### The problem
Set down the entries below exactly; drop the pictures.

### Records supplied
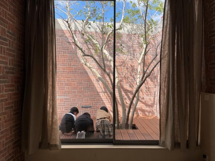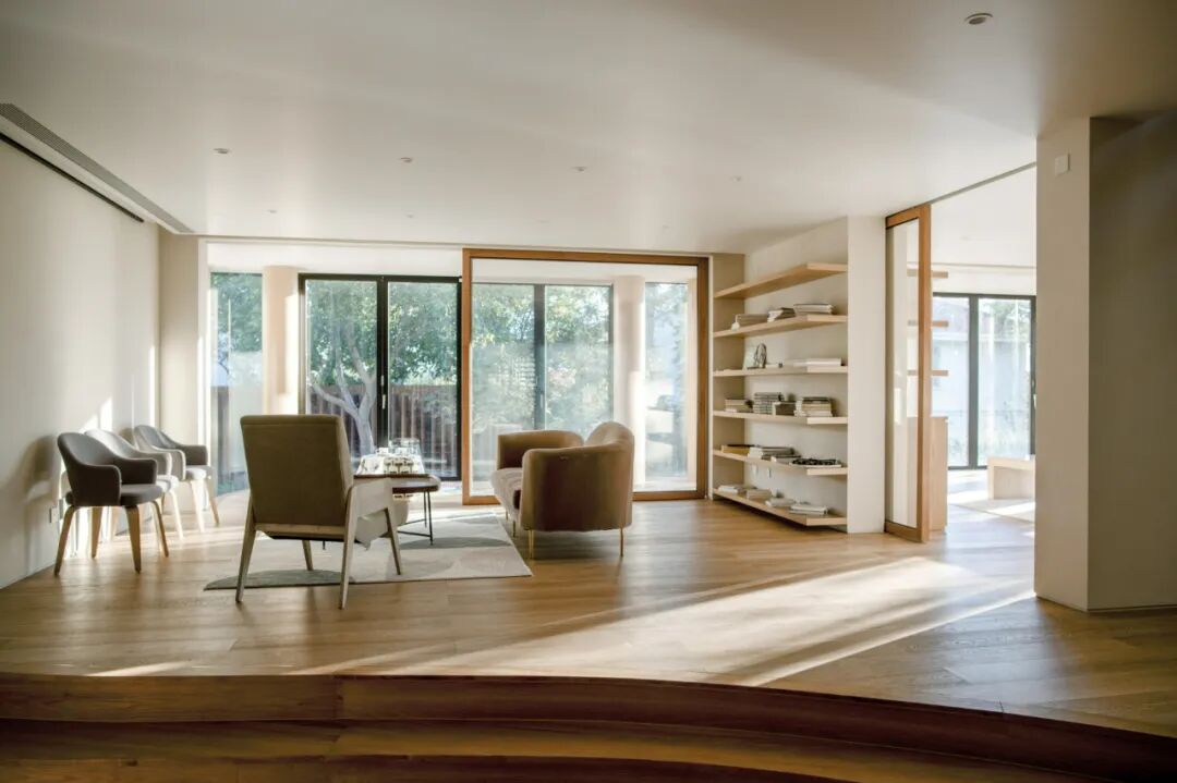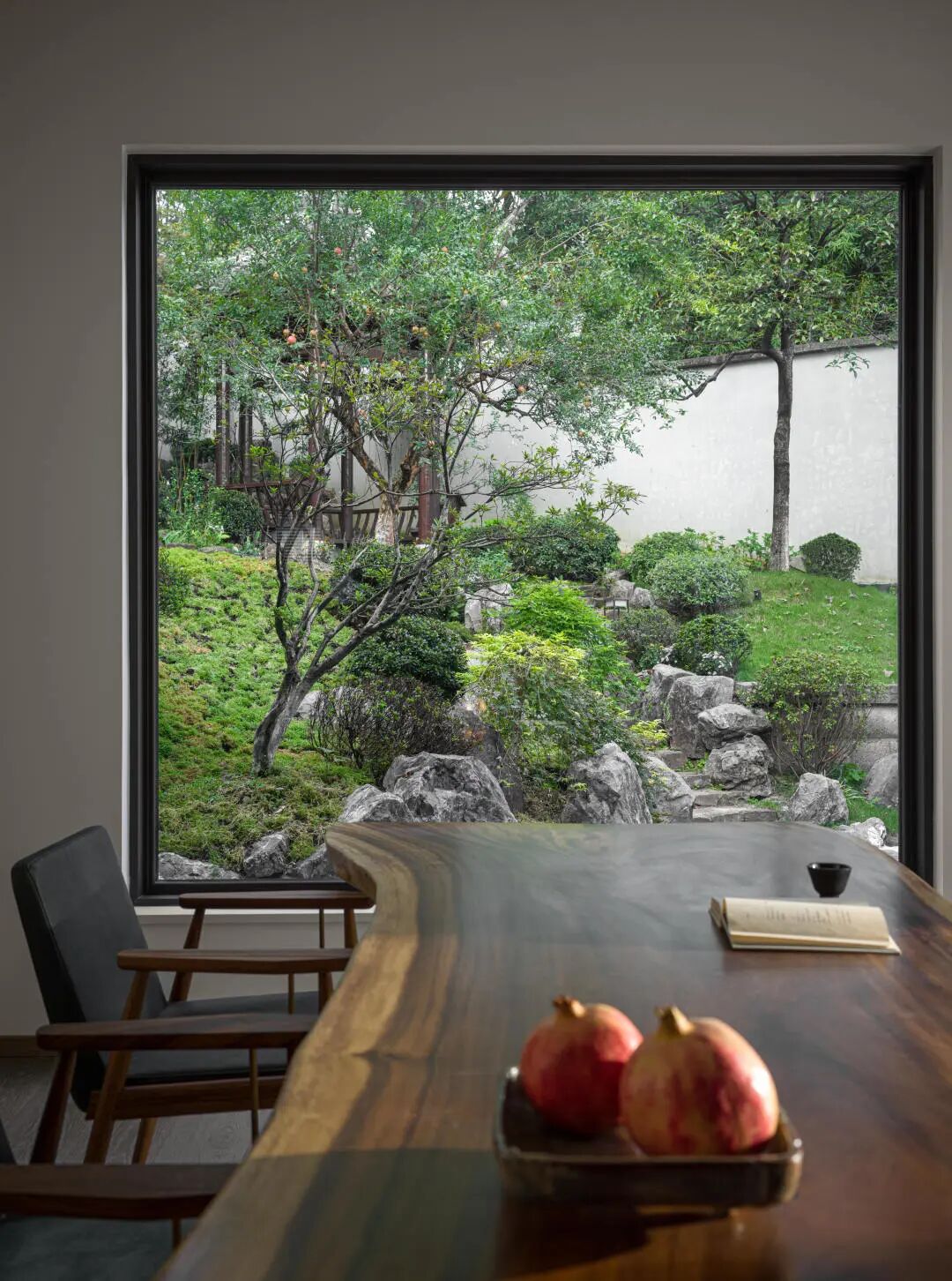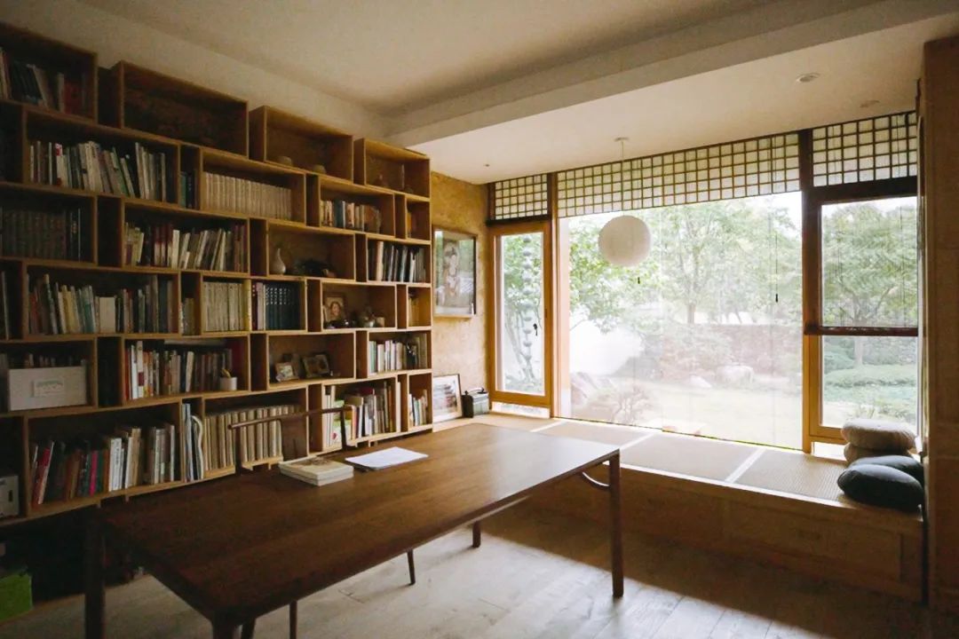 独立的家庭书房在院落西侧,是林先生一家人阅读、绘画、交流的空间,三面开窗,可以望向中庭院落和后山花园。
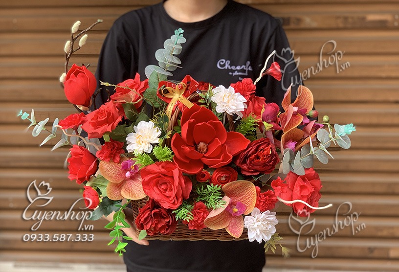 Giỏ hoa cao 33cm, xòe rộng 45-50cm.
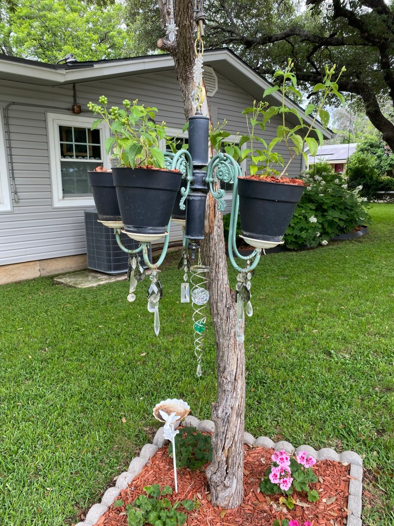 My next project was made from a chandelier that a friend was getting rid of. I took the electrical components out of it and screwed some heavy duty pots onto the places where the lights were. I spray painted it with paint I already had, and decorated it with crystals I found at a flea market for $5!!!
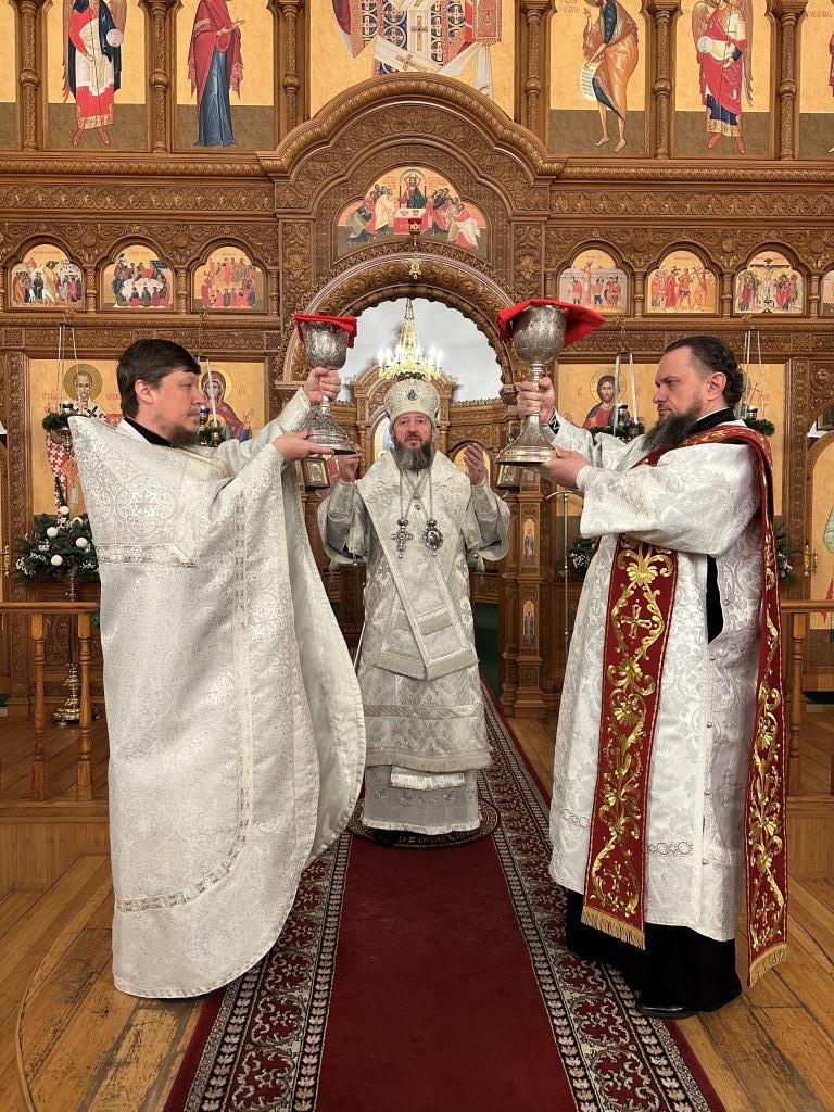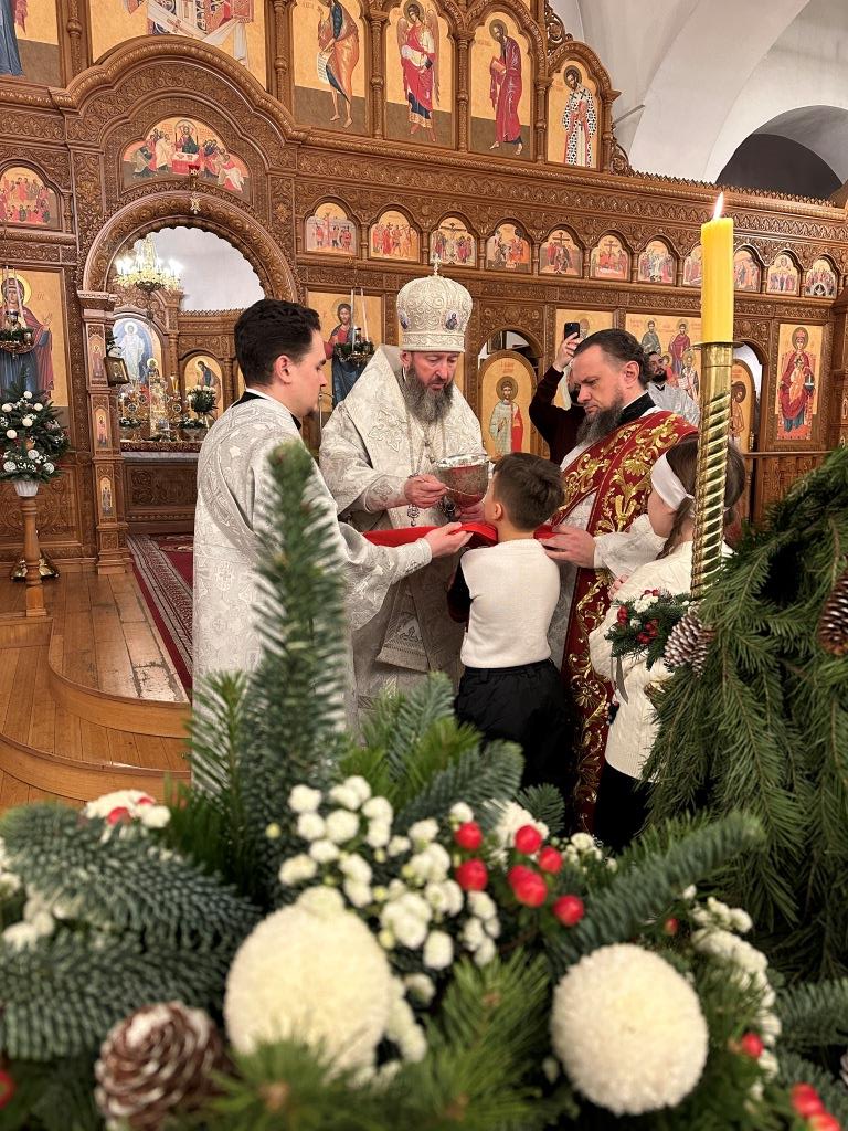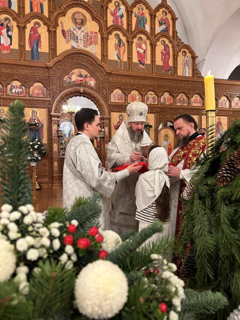 В рождественскую ночь в главном храме Восточного Казахстана, Андреевском кафедральном соборе города Усть-Каменогорска, Высокопреосвященнейший архиепископ Усть-Каменогорский и Семипалатинский Амфилохий возглавил служение Божественной Литургии святителя Иоанна Златоуста. Накануне в кафедральном соборе были совершены уставные богослужения Рождественского Сочельника и нáвечерия Рождества Христова. Перед началом ночной Божественной Литургии в соборе совершалась исповедь для желающих приобщиться Святых Христовых Таин в светлую рождественскую ночь.
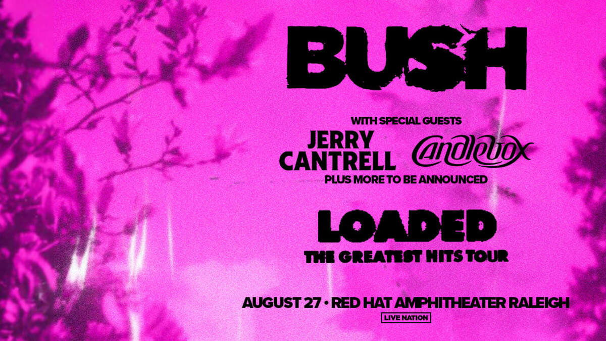 Don't miss Bush! Hitting the road this Summer to celebrate LOADED: The Greatest Hits with special guests Jerry Cantrell and Candlebox at Red Hat Amphitheater Raleigh 8/27!
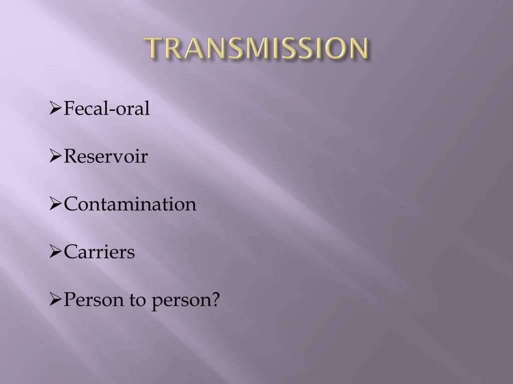 TRANSMISSION • Fecal-oral • Reservoir • Contamination • Carriers • Person to person?
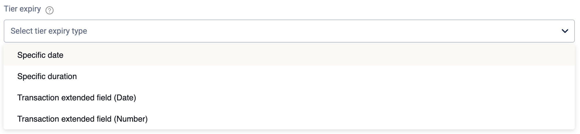 | Sets the expiration date based on a date value stored in a transaction-level extended field. The tier will expire a specified number of days or months after the date found in that field. | A hotel booking promotion grants 'VIP Status'. The expiration is configured to be 30 days after the date in the 'CheckOutDate' transaction extended field. If a customer's check-out date is June 15th, their VIP status will expire on July 15th. |
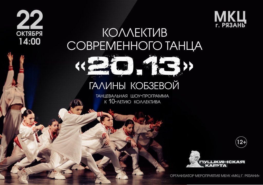 Юбилейная программа коллектива «20.13» студии танца Галины Кобзевой представит зрителю лучшие постановки за прошедшие десять лет. Это работы, удостоенные высоких оценок жюри на престижных международных и всероссийских фестивалях.
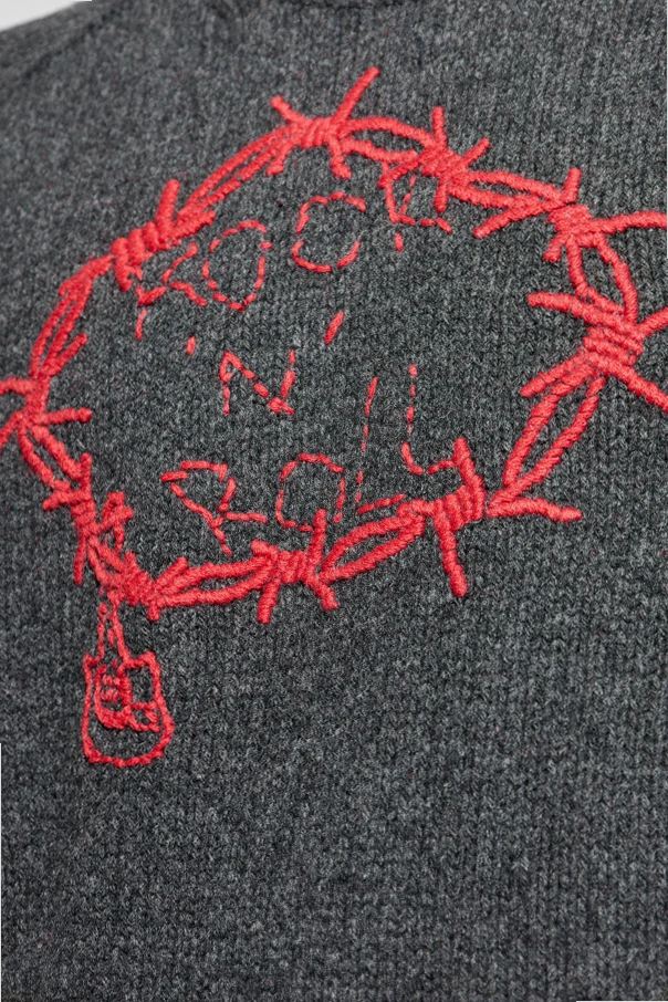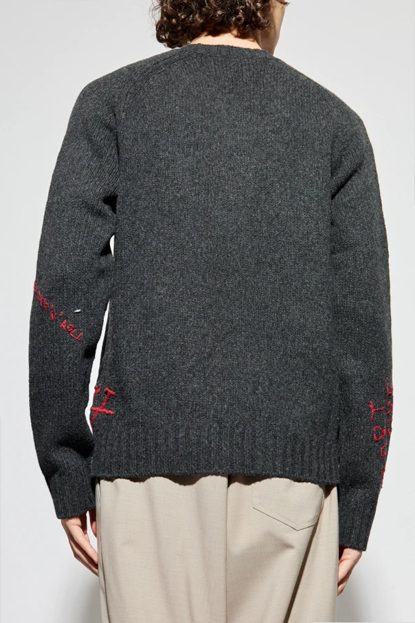 Wyjątkowe, ręcznie haftowane zdobienia nadające swetrowi unikalności.

### Reply to the task
 独立的家庭书房在院落西侧,是林先生一家人阅读、绘画、交流的空间,三面开窗,可以望向中庭院落和后山花园。
 Giỏ hoa cao 33cm, xòe rộng 45-50cm.
 My next project was made from a chandelier that a friend was getting rid of. I took the electrical components out of it and screwed some heavy duty pots onto the places where the lights were. I spray painted it with paint I already had, and decorated it with crystals I found at a flea market for $5!!!
 В рождественскую ночь в главном храме Восточного Казахстана, Андреевском кафедральном соборе города Усть-Каменогорска, Высокопреосвященнейший архиепископ Усть-Каменогорский и Семипалатинский Амфилохий возглавил служение Божественной Литургии святителя Иоанна Златоуста. Накануне в кафедральном соборе были совершены уставные богослужения Рождественского Сочельника и нáвечерия Рождества Христова. Перед началом ночной Божественной Литургии в соборе совершалась исповедь для желающих приобщиться Святых Христовых Таин в светлую рождественскую ночь.
 Don't miss Bush! Hitting the road this Summer to celebrate LOADED: The Greatest Hits with special guests Jerry Cantrell and Candlebox at Red Hat Amphitheater Raleigh 8/27!
 TRANSMISSION • Fecal-oral • Reservoir • Contamination • Carriers • Person to person?
 | Sets the expiration date based on a date value stored in a transaction-level extended field. The tier will expire a specified number of days or months after the date found in that field. | A hotel booking promotion grants 'VIP Status'. The expiration is configured to be 30 days after the date in the 'CheckOutDate' transaction extended field. If a customer's check-out date is June 15th, their VIP status will expire on July 15th. |
 Юбилейная программа коллектива «20.13» студии танца Галины Кобзевой представит зрителю лучшие постановки за прошедшие десять лет. Это работы, удостоенные высоких оценок жюри на престижных международных и всероссийских фестивалях.
 Wyjątkowe, ręcznie haftowane zdobienia nadające swetrowi unikalności.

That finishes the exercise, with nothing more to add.